PROVIDED DATA -

++++

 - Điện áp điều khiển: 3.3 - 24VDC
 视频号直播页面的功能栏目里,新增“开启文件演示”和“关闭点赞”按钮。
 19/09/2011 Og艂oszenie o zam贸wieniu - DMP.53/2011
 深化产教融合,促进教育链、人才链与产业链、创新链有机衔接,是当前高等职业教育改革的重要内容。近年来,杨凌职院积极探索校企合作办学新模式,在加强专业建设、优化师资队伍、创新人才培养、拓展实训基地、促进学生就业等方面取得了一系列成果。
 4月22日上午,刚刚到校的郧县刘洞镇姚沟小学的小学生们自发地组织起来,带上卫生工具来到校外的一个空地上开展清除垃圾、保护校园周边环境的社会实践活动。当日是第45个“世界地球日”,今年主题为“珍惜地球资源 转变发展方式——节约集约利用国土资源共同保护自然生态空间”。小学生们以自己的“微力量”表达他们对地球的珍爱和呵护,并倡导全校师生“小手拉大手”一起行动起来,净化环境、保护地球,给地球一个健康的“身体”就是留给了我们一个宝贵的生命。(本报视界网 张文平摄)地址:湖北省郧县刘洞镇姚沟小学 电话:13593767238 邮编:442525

++++

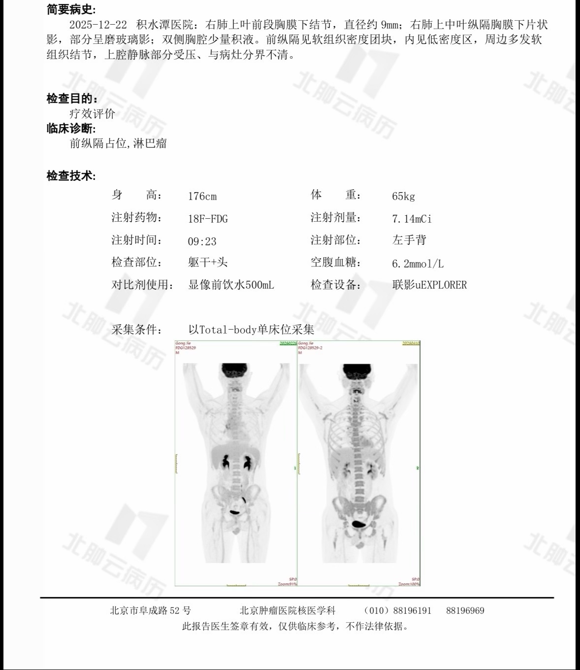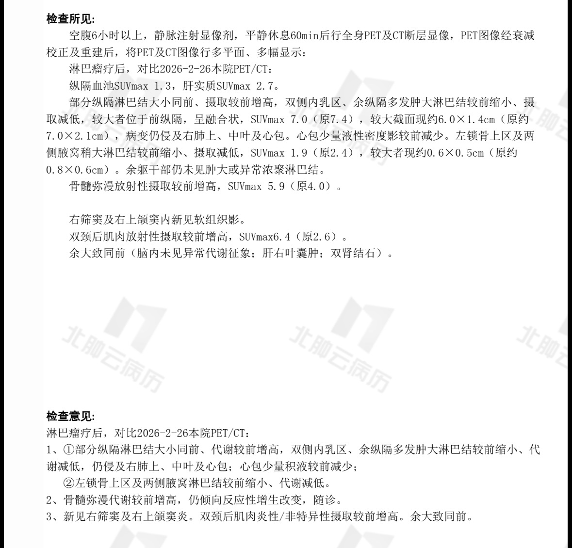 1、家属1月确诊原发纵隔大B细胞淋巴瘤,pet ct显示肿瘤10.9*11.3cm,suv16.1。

++++

ACTIVITY - Please transcribe only the lines in the records above running from the line that has "19/09/2011 Og艂oszenie o" through the line that has "张文平摄)地址:湖北省郧县刘洞镇姚沟小学 电话:13593767238 邮编:442525", both included, exactly as they appear.

RESULT OF THE TASK -
 19/09/2011 Og艂oszenie o zam贸wieniu - DMP.53/2011
 深化产教融合,促进教育链、人才链与产业链、创新链有机衔接,是当前高等职业教育改革的重要内容。近年来,杨凌职院积极探索校企合作办学新模式,在加强专业建设、优化师资队伍、创新人才培养、拓展实训基地、促进学生就业等方面取得了一系列成果。
 4月22日上午,刚刚到校的郧县刘洞镇姚沟小学的小学生们自发地组织起来,带上卫生工具来到校外的一个空地上开展清除垃圾、保护校园周边环境的社会实践活动。当日是第45个“世界地球日”,今年主题为“珍惜地球资源 转变发展方式——节约集约利用国土资源共同保护自然生态空间”。小学生们以自己的“微力量”表达他们对地球的珍爱和呵护,并倡导全校师生“小手拉大手”一起行动起来,净化环境、保护地球,给地球一个健康的“身体”就是留给了我们一个宝贵的生命。(本报视界网 张文平摄)地址:湖北省郧县刘洞镇姚沟小学 电话:13593767238 邮编:442525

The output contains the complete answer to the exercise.